▶ **DATA FOR ANALYSIS**:
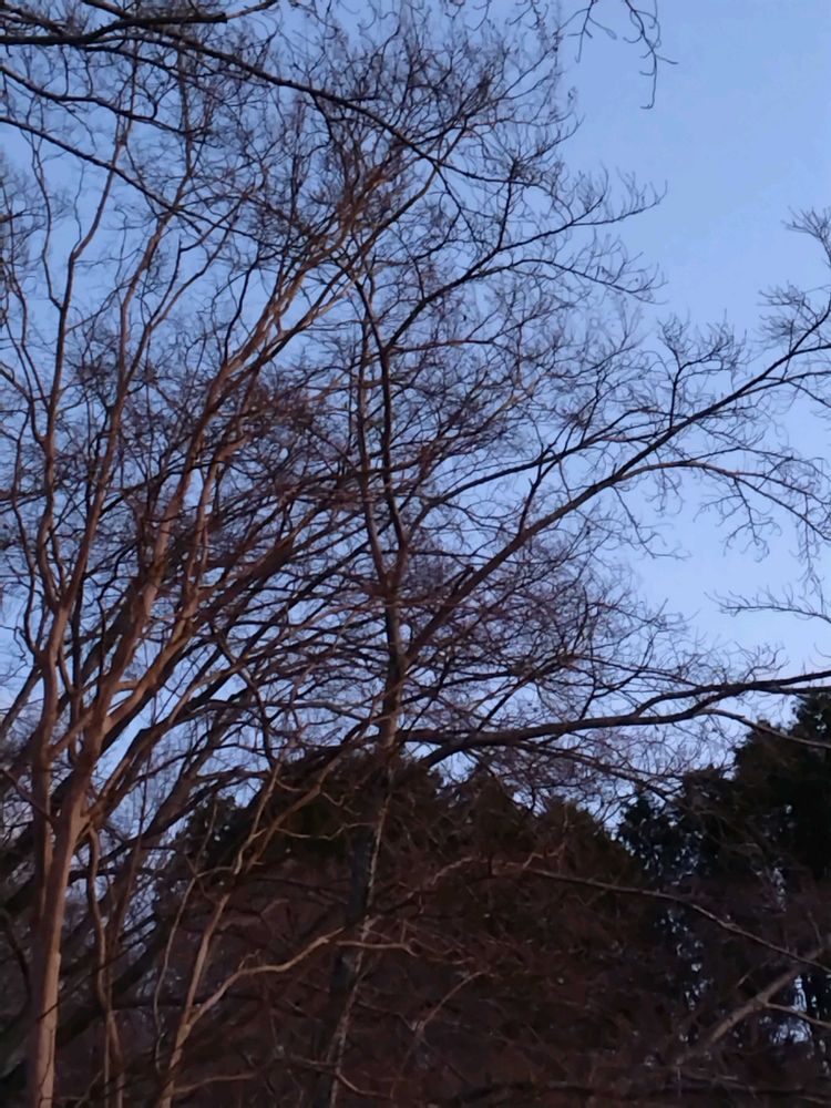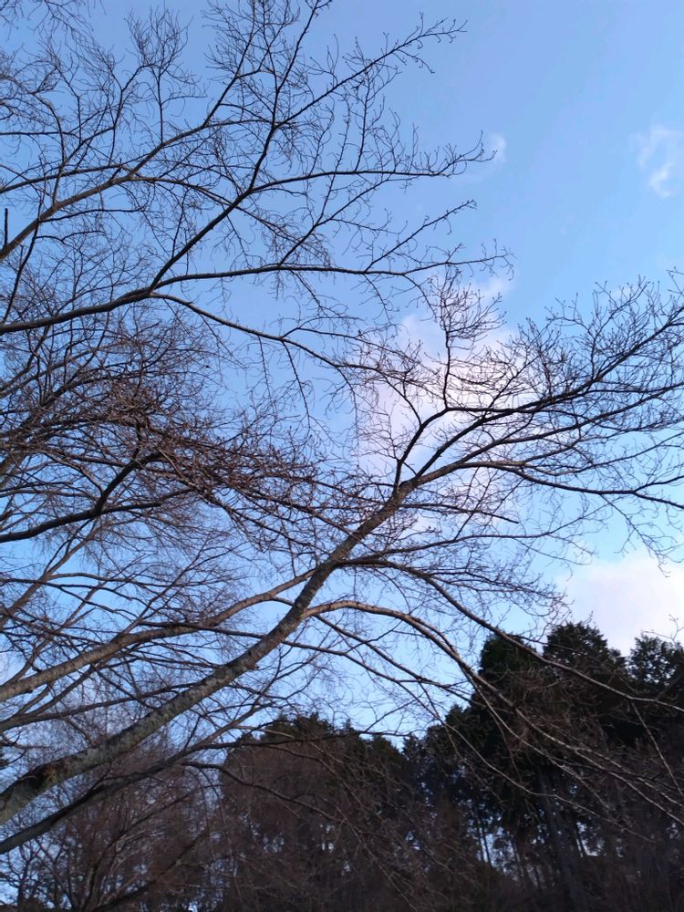 あななさんの自宅前の山,冬の夕方の空,桜の裸木の投稿画像
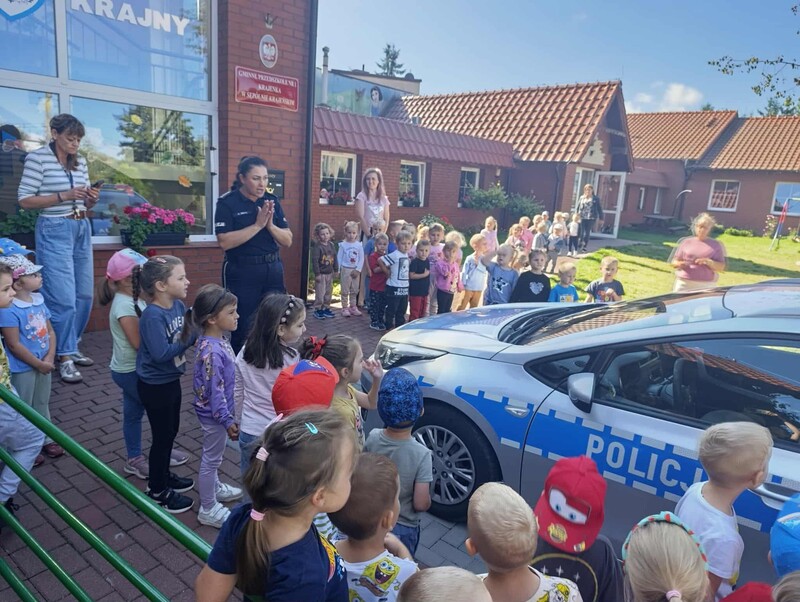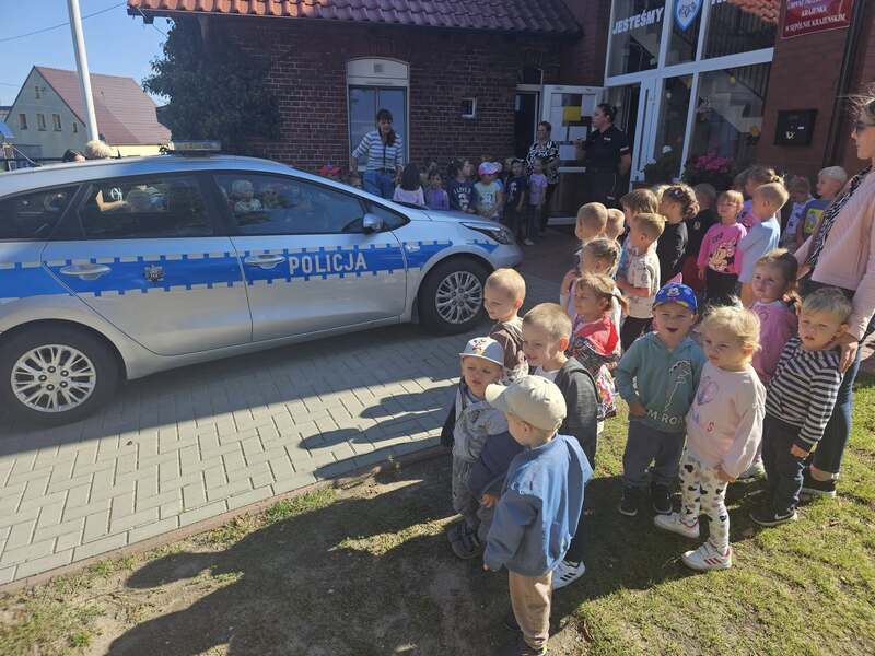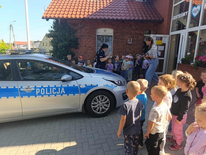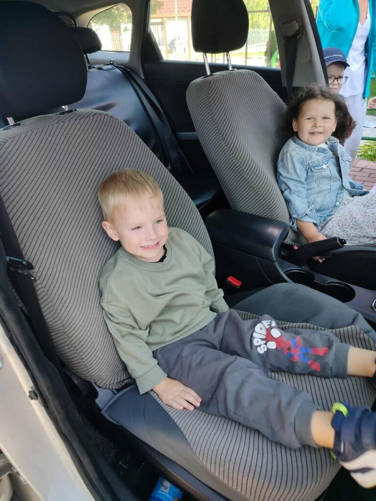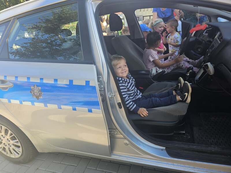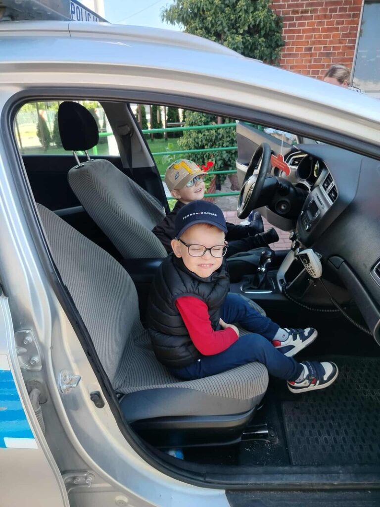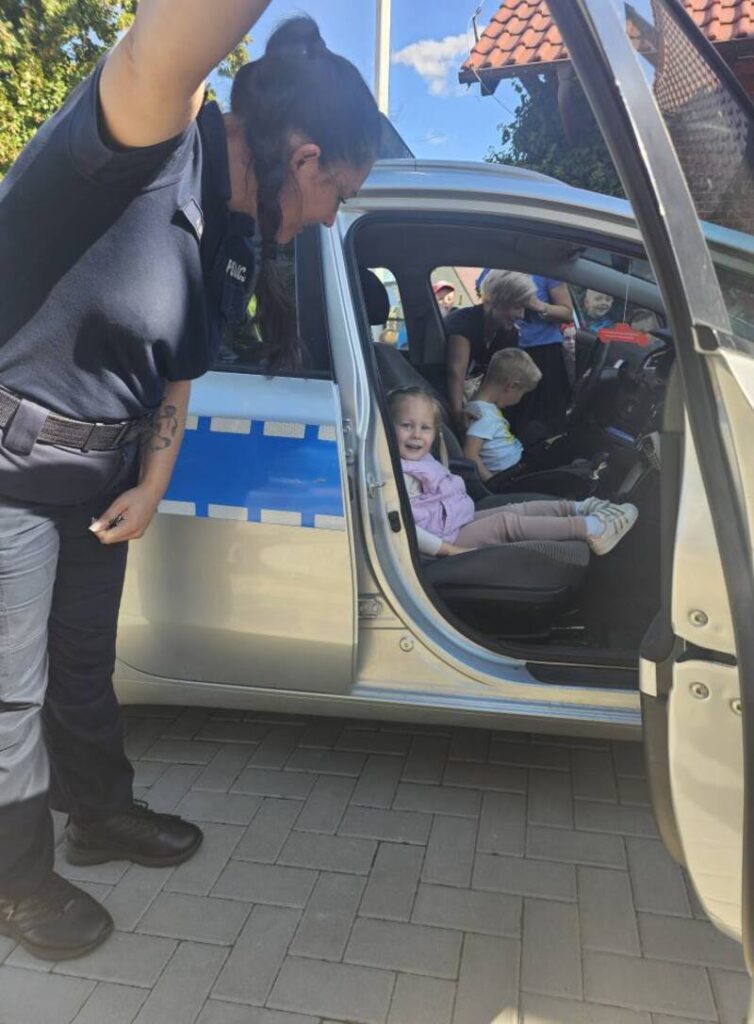 🚓 Dużą atrakcją była możliwość obejrzenia radiowozu policyjnego z bliska. Dzieci z zaciekawieniem zaglądały do środka, poznawały wyposażenie pojazdu i zadawały pytania dotyczące pracy policji. Spotkanie przebiegło w miłej atmosferze i z pewnością na długo pozostanie w pamięci uczestników.
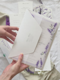 Esta exquisita invitación, inspirada en la belleza de Provenza, Francia, presenta una encantadora mezcla de tonos oliva y lavanda. El monograma verde añade un toque personalizado, mientras que el sello de cera añade un detalle de acabado sofisticado y atemporal.
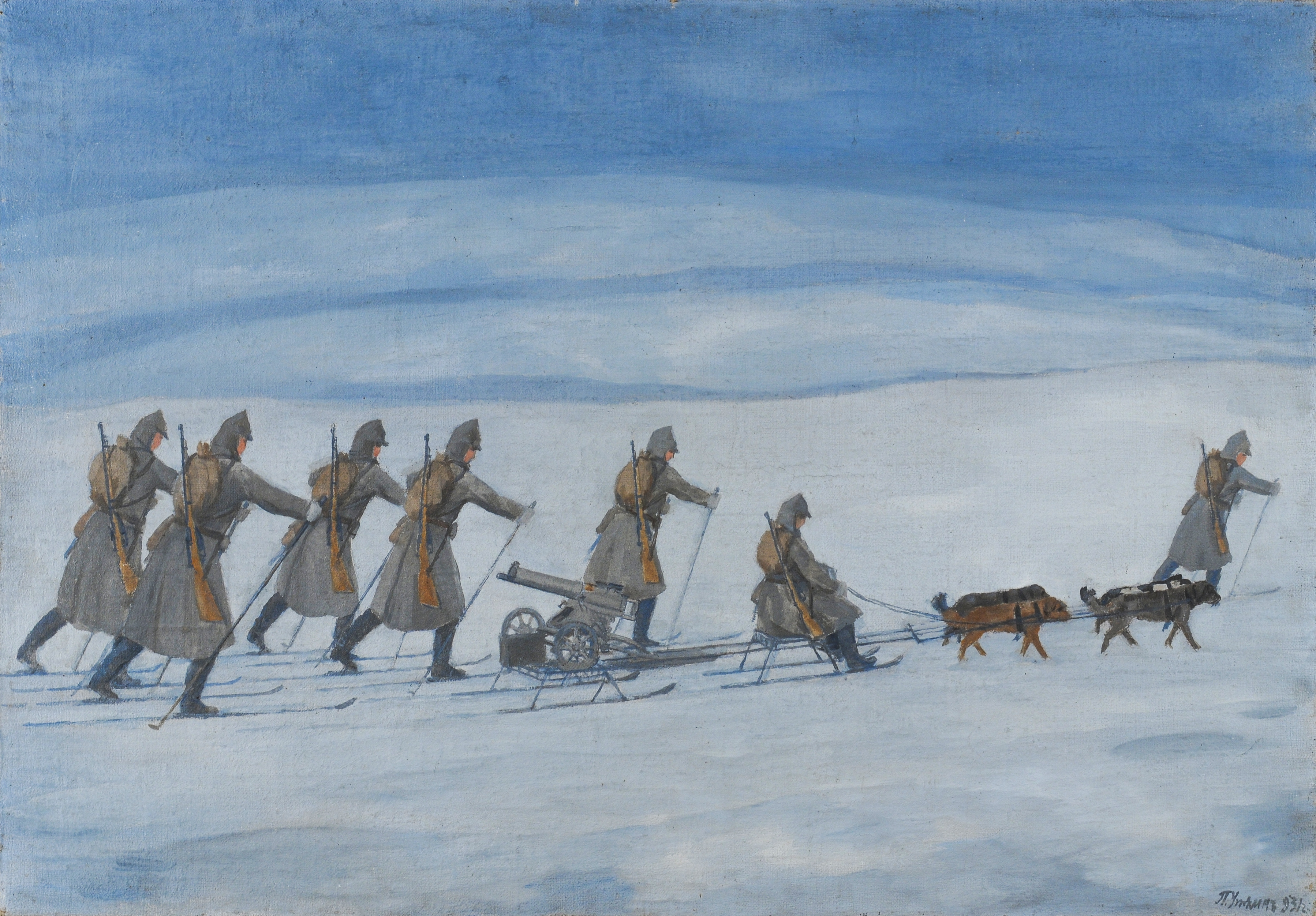 Уткин Петр Саввич. Красноармейцы-лыжники. 1931. Холст, масло
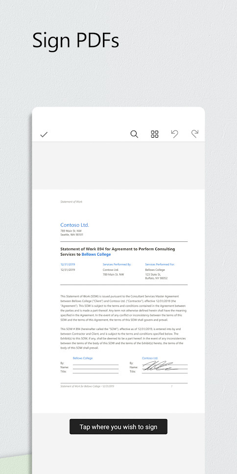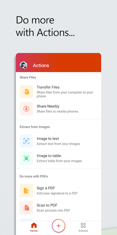 The application provides access to documents that are stored in the OneDrive cloud storage, recently viewed documents on a PC, as well as view and edit Office documents attached to email messages.

▶ **GOAL OF THE EXERCISE**: No pictures belong in the copy: reproduce exactly the lines above from the one that contains "Уткин Петр Саввич." through the last line of the entries.

▶ **WRITTEN ANSWER**:
 Уткин Петр Саввич. Красноармейцы-лыжники. 1931. Холст, масло
 The application provides access to documents that are stored in the OneDrive cloud storage, recently viewed documents on a PC, as well as view and edit Office documents attached to email messages.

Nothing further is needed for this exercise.